Specialised Equipments
Dedicated X-Knife
An exclusive department in the hospital houses this machine which is the first dedicated X-Knife outside the United States. X-knife has the added advantage of being used for fractioned treatment (stereotactic Radiotherapy-SRT) for benign and malignant tumors not suitable for SRS.
Computer Assisted Neurosurgery
The Apollo Hospital has now taken the first step in this part of the world with the availability of this new technology. This was the first centre in North East Asia to have this equipment. Surgeons at the Apollo Institute of Neurosciences are now using an operating computer with an accuracy of 1mm in which images of the patient's brain can be directly transferred from the MRI or CT Scan to the Operating Theatres at the Operating Table.
The surgeon can join the probe to different parts of the brain and retrieve the images previously taken. This is of great help not only in locating difficult tumors, but also in avoiding critical structures and ensuring completeness of excision. Surgery for abnormal movements, epilepsy and small deep malformation is being done.
Frame Based Stereotaxy
The Radionics CRW System in this hospital is complete with full range of accessories to include the ability to carry out Frame Based Stereotactic Surgery including Craniotomies. Equipment is also available to generate RF lesions and has been used successfully for functional neurosurgery procedures like pallidotomy and thalamotomy for treatment of movement disorders and parkinsons disease. Image guided Frameless stereotaxy allows safe surgery in eloquent areas. This Apollo Institute of Neurosciences is one of the first hospital to have this kind of complete technology in this part of the world.

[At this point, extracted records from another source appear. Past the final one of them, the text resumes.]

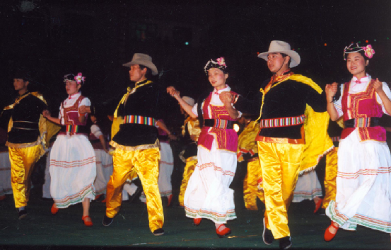 普米族的民間娛樂舞蹈,普遍具有歌、舞、樂三位一體的特點。舞蹈形式正如普米族民歌所唱的:“如金線把珍珠穿成一串,手拉手跳成十五的月亮。”娛樂舞蹈全是手拉手轉(zhuǎn)圓圈的舞蹈形式。人們挽手而跳,伴以高亢洪亮、情感激越的唱詞。特別是普米族婦女雪白的長裙隨舞步輕盈飄旋,似白鷺翻飛,正如《打跳歌》中所唱的:“笛聲不停莫歇腳,舞場上沒有陡巖子,腳底板下沒有刺,跳它個地動山也搖?!痹谙矐c的集會之夜,歡快的娛樂性舞蹈,往往一跳就是通宵達旦。跳鍋莊是普米族傳統(tǒng)的舞跳形式,這種舞蹈不受時間空間的限制,只要一支竹笛或葫蘆笙,有一塊空地即可進行,少則三五人,多則數(shù)百人。一般總是在傍晚,在院內(nèi)或場壩上舉行。跳舞時,總要在中間燃起一堆火,與室內(nèi)的鍋莊相似,所以稱之為鍋莊舞。鍋樁內(nèi)容很豐富,從古代的游牧、狩獵、紡織到今天的趕街、慶豐收、烤酒等都有反映。流行的曲調(diào)有《放單調(diào)》《出山》《獅子舞》等等?,F(xiàn)在,鍋莊舞已發(fā)展成為集唱詞、曲調(diào)、舞蹈、音樂于一體的綜合性歌舞藝術(shù)。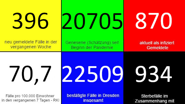 Das Dresdner Gesundheitsamt meldet mit Stand heute, 7. März 2021, 12 Uhr für die vergangene Woche 396 Neuinfektionen, das sind etwas mehr als in der Vorwoche, die Corona-Ampel des RKI zeigt auf „Rot“, 32 Personen wurden in der vergangenen Woche neu in ein Krankenhaus aufgenommen, eine Person verstarb laut Totenschein an einer Covid-19-Erkrankung.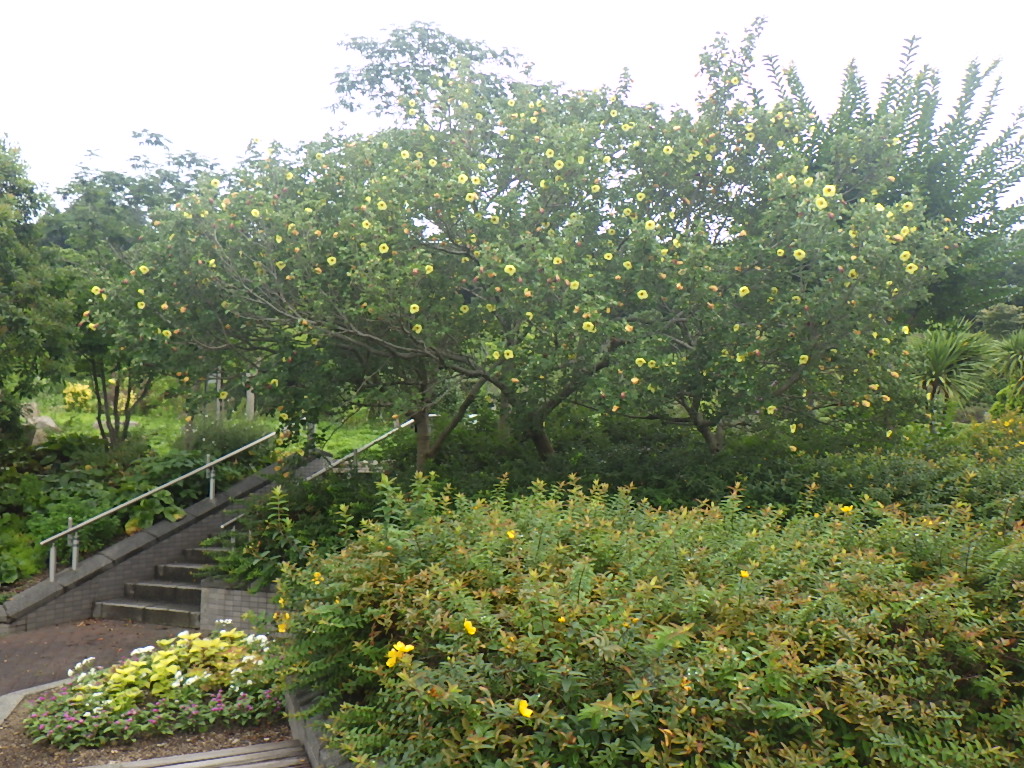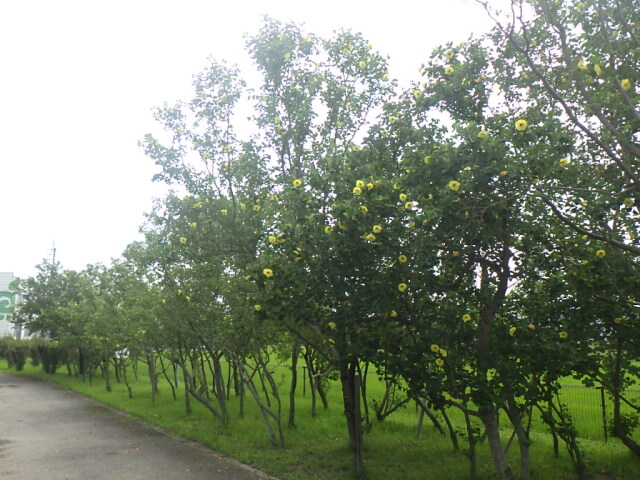 きびしい暑さにもめげず、とくしま植物園、徳島市応神町のハイテクランド徳島南公園で、レモン色の美しいハマボウの花が見頃を迎えています。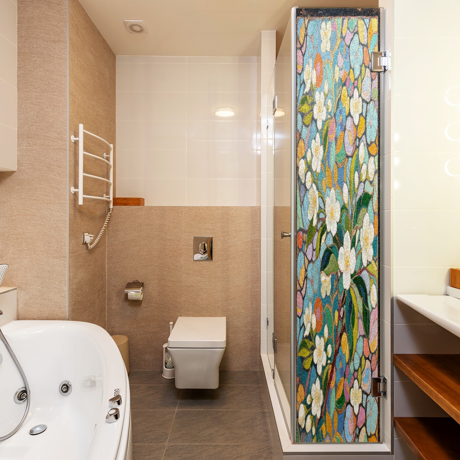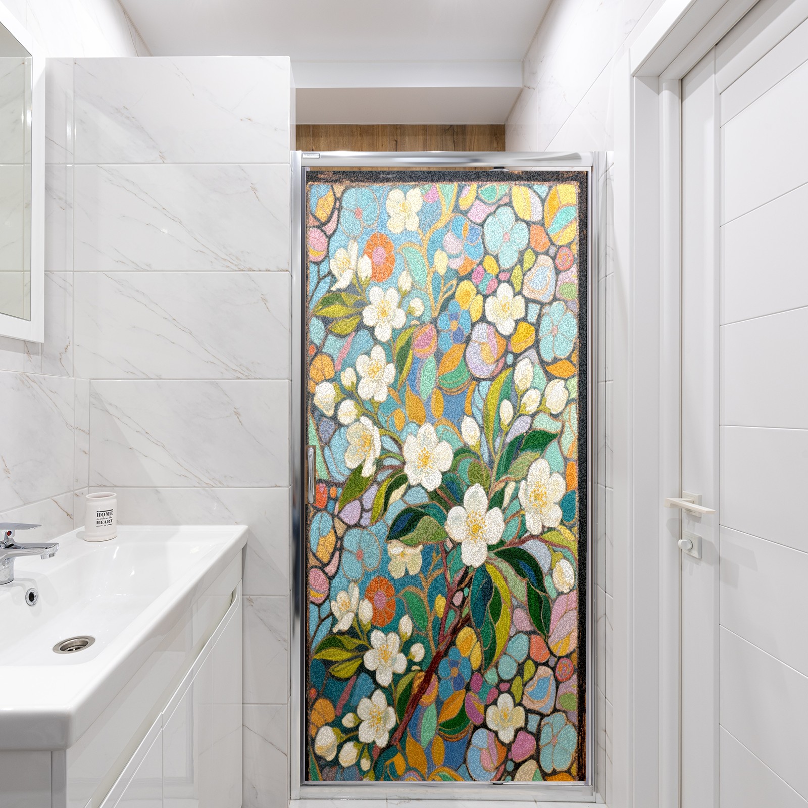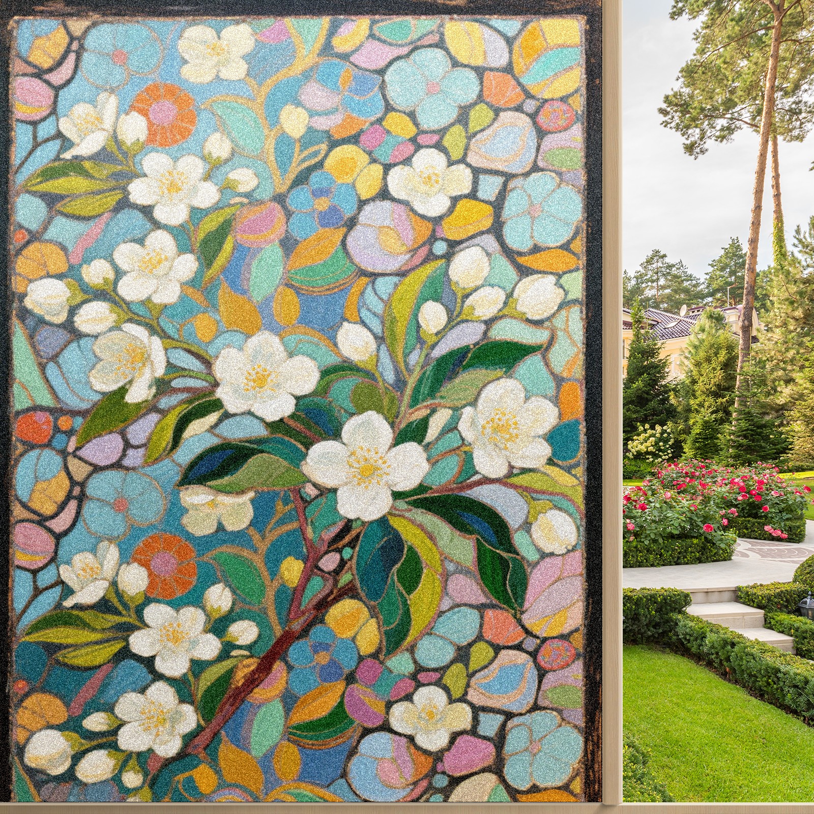 Matte Privacy Window Film | Static Cling, One-Way Glass Insulation Film, UV Blocking & Heat Insulating | Non-Adhesive, Removable for Home, Office & BathroomImpressionist Jasmine (2)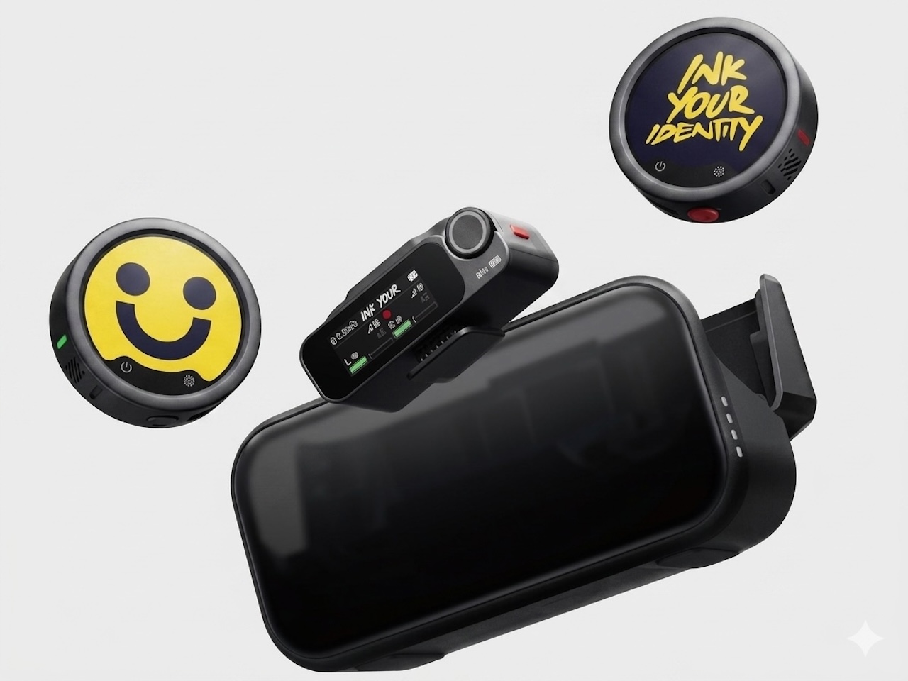 Most clip-on mics are built to disappear — tuck them under a collar, hope the fabric doesn’t rustle. Mic Pro goes the other way: a round, customizable color E-Ink display on each transmitter you can set with logos, names, photos, emojis, or artwork, so it’s something the camera sees on purpose. It’s a branding feature first, but there’s a practical side — recording two or three people in one session, a visible name or role on the mic makes footage easier to sort in post.
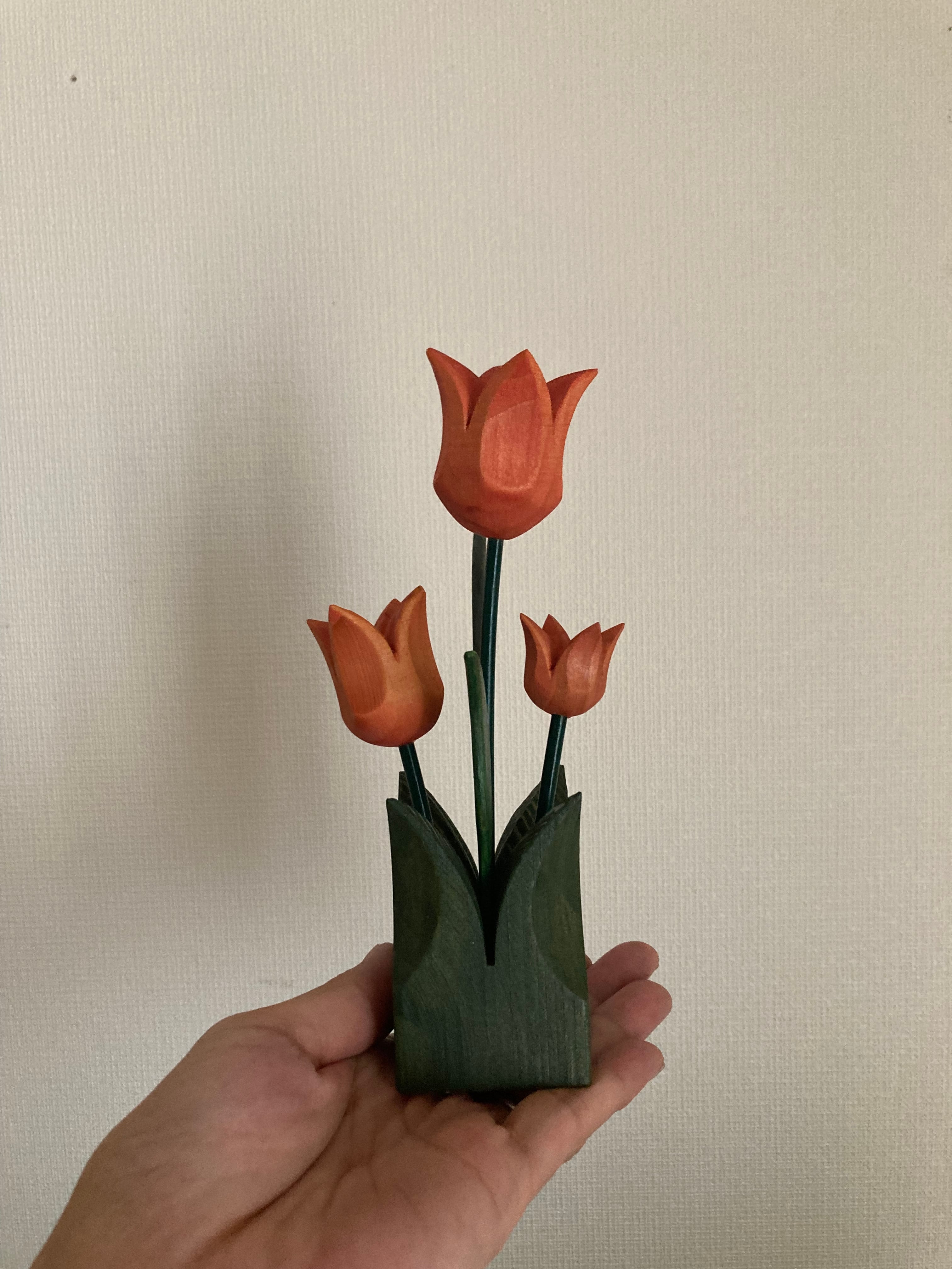 北欧 スウェーデンのヴィンテージの木製のチューリップのオブジェです。

Interventional Neuro Radiology
A separate Department and a separate machine is available for this crucial area. The development of such a centre was a priority with this hospital. This machine has biplane rotational angio facilities and is being utilized for embolization of arteriovenous malformation, treatment of giant aneurysms by proximal occlusion and endovascular packing using GDC system.
Thrombolysis by injection of Urokinase directly into thrombus in the specific artery in the treatment of brain attack is being done. Angioplasty and stenting is being done to prevent stroke. Vascular lesions such as dural AV malformations, carotid-cavernous fistula hemangiomas of the head and neck, vascular tumors are all being treated. More than 150 therapeutic procedures and more than 300 diagnostic procedures are being done annually.
Microsurgical Instrumentation
Two complete sets of Microsurgical Instruments are available for all surgeons to carry out full range of microsurgery for cranial as well as spinal surgery.
Neuroendoscopy
Equipment for minimally invasive endoscopic removal of certain tumors (eg. intraventricular and pituitary tumors), third ventriculostomy in the treatment of hydrocephalus, drainage of brain abscesses and cysts is used routinely.
Spinal Instrumentation
A complete range of spinal instrumentation is available for stablising the spine using metal implants. These are used in cases of spinal instability from spinal injuries, Tuberculosis & tumors. This allows early ambulation, facilitates rehabilitation and early discharge from hospital.